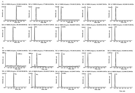 - Wei, B.; Li, Q.; Fan, R.; Su, D.; Chen, X.; Jia, Y.; Bi, K. Determination of monoamine and amino acid neurotransmitters and their metabolites in rat brain samples by UFLC-MS/MS for the study of the sedative-hypnotic effects observed during treatment with S. chinensis. J. Pharm. Biomed. Anal. 2014, 88, 416–422. [Google Scholar] [CrossRef] [PubMed]
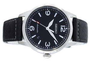 Seiko mens watch. Silver stainless-steel case Black dial. Automatic movement. Water resistance of 100 meters. Black Leather strap Stainless-steel case, Black dial. Case diameter: 41.6mm.
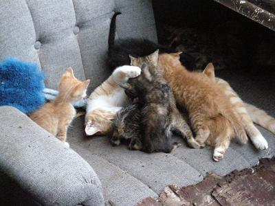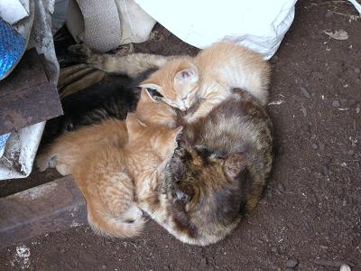 20日には日帰りで葬儀に参加してきます。 ここで怒りを伴った疑問が。 肺がん防止のために禁煙して10数年たって、肺がんで亡くなる。 いったい何の為の禁煙だったのか。 マツケンは今でも喫煙を続けているが、吸うべきかやめるべきか、 いろいろ悩みながら一服する。アタシってふとどき者? 今日も雨、じとじとの雨。全ての者をかび臭くする雨。 せめて心まではカビを生やさぬように・・・あ、毛は生えてるかも 先日も紹介した弊社の野良猫たち。その育児って驚きです。
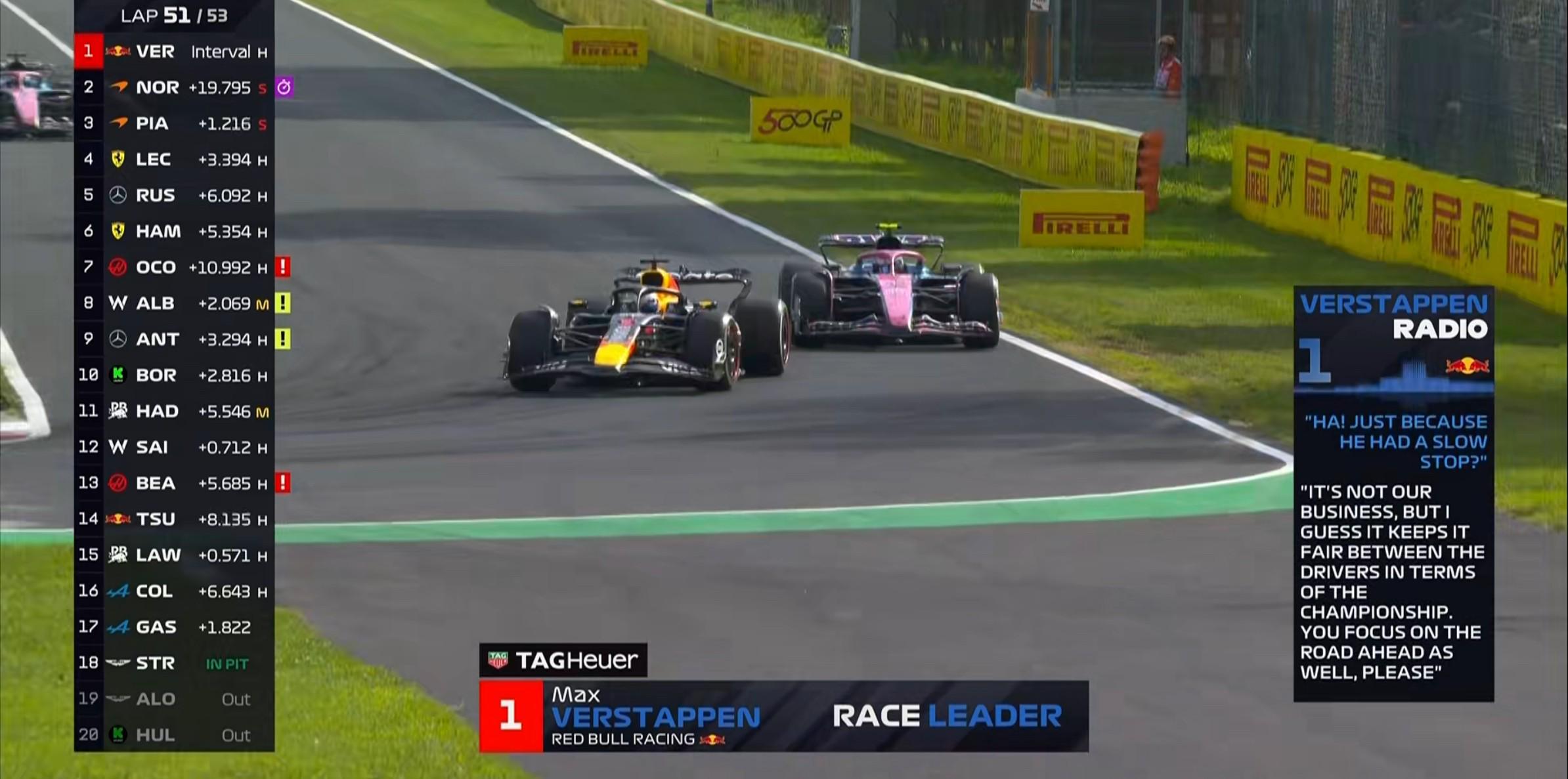第51圈:车队告知维斯塔潘两台迈凯伦完成位置互换,维斯塔潘立马猜到是因为进站失误导致的变化;
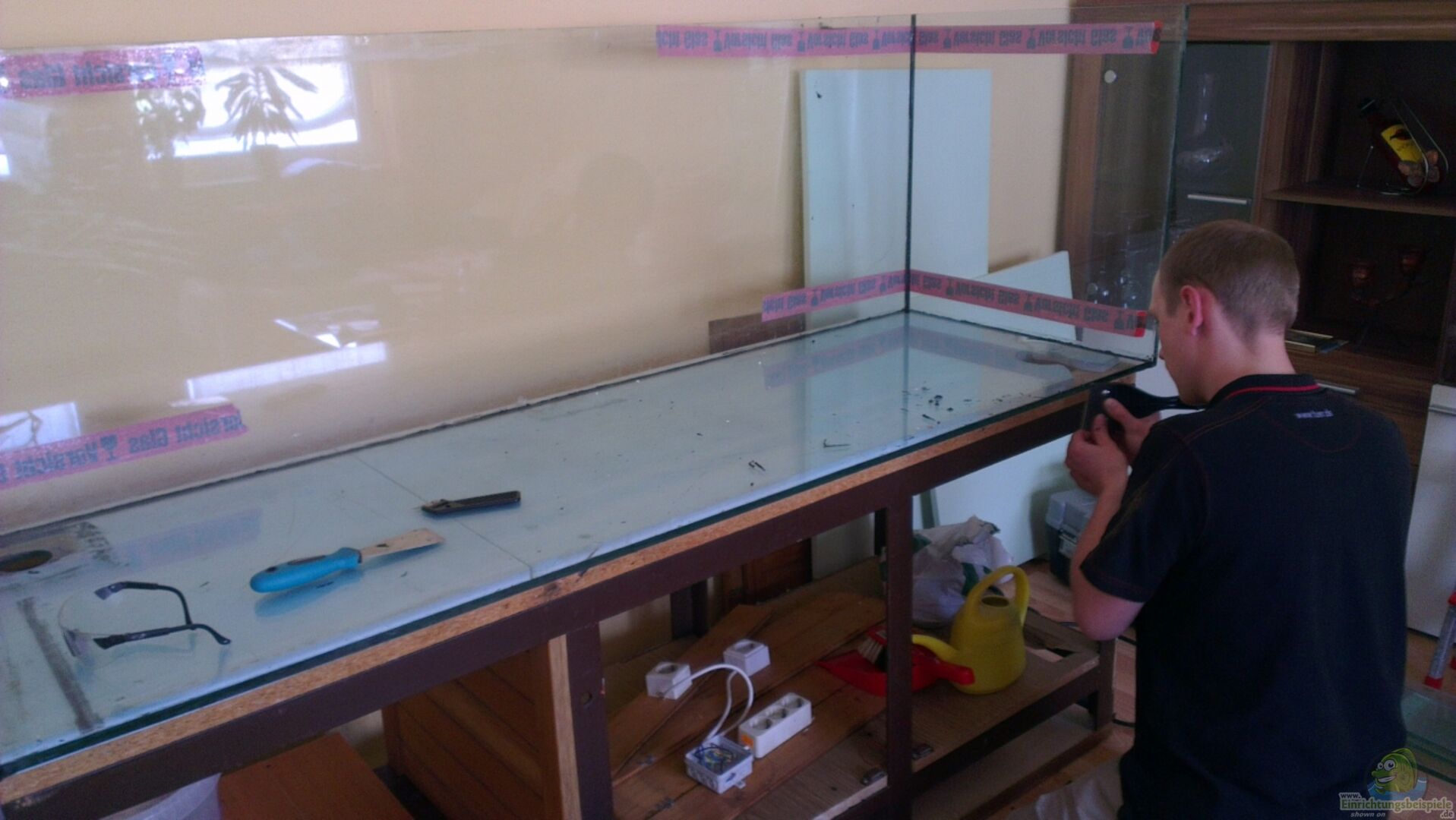 Das Aquarium ist ein Garagenfund. Das Becken steht auf einem geschwei??ten Stahlrahmen. Da die Scheiben aber so sehr verkratzt waren, habe ich mich dazu entschieden die Frontscheibe gegen eine neue zu tauschen. Im Zuge dessen, wurden auch alle Innennähte erneuert. Nach anfänglichen Bedenken, hält es aber bis jetzt dicht :-)

++++++++++

Begin at the line containing "ここで怒りを伴った疑問が。 肺がん防止のために禁煙して10数年たって、肺がんで亡くなる。 いったい何の為の禁煙だったのか。" and stop at the last line of the data. Repeat only those lines, exactly, and leave out the pictures.

 20日には日帰りで葬儀に参加してきます。 ここで怒りを伴った疑問が。 肺がん防止のために禁煙して10数年たって、肺がんで亡くなる。 いったい何の為の禁煙だったのか。 マツケンは今でも喫煙を続けているが、吸うべきかやめるべきか、 いろいろ悩みながら一服する。アタシってふとどき者? 今日も雨、じとじとの雨。全ての者をかび臭くする雨。 せめて心まではカビを生やさぬように・・・あ、毛は生えてるかも 先日も紹介した弊社の野良猫たち。その育児って驚きです。
第51圈:车队告知维斯塔潘两台迈凯伦完成位置互换,维斯塔潘立马猜到是因为进站失误导致的变化;
 Das Aquarium ist ein Garagenfund. Das Becken steht auf einem geschwei??ten Stahlrahmen. Da die Scheiben aber so sehr verkratzt waren, habe ich mich dazu entschieden die Frontscheibe gegen eine neue zu tauschen. Im Zuge dessen, wurden auch alle Innennähte erneuert. Nach anfänglichen Bedenken, hält es aber bis jetzt dicht :-)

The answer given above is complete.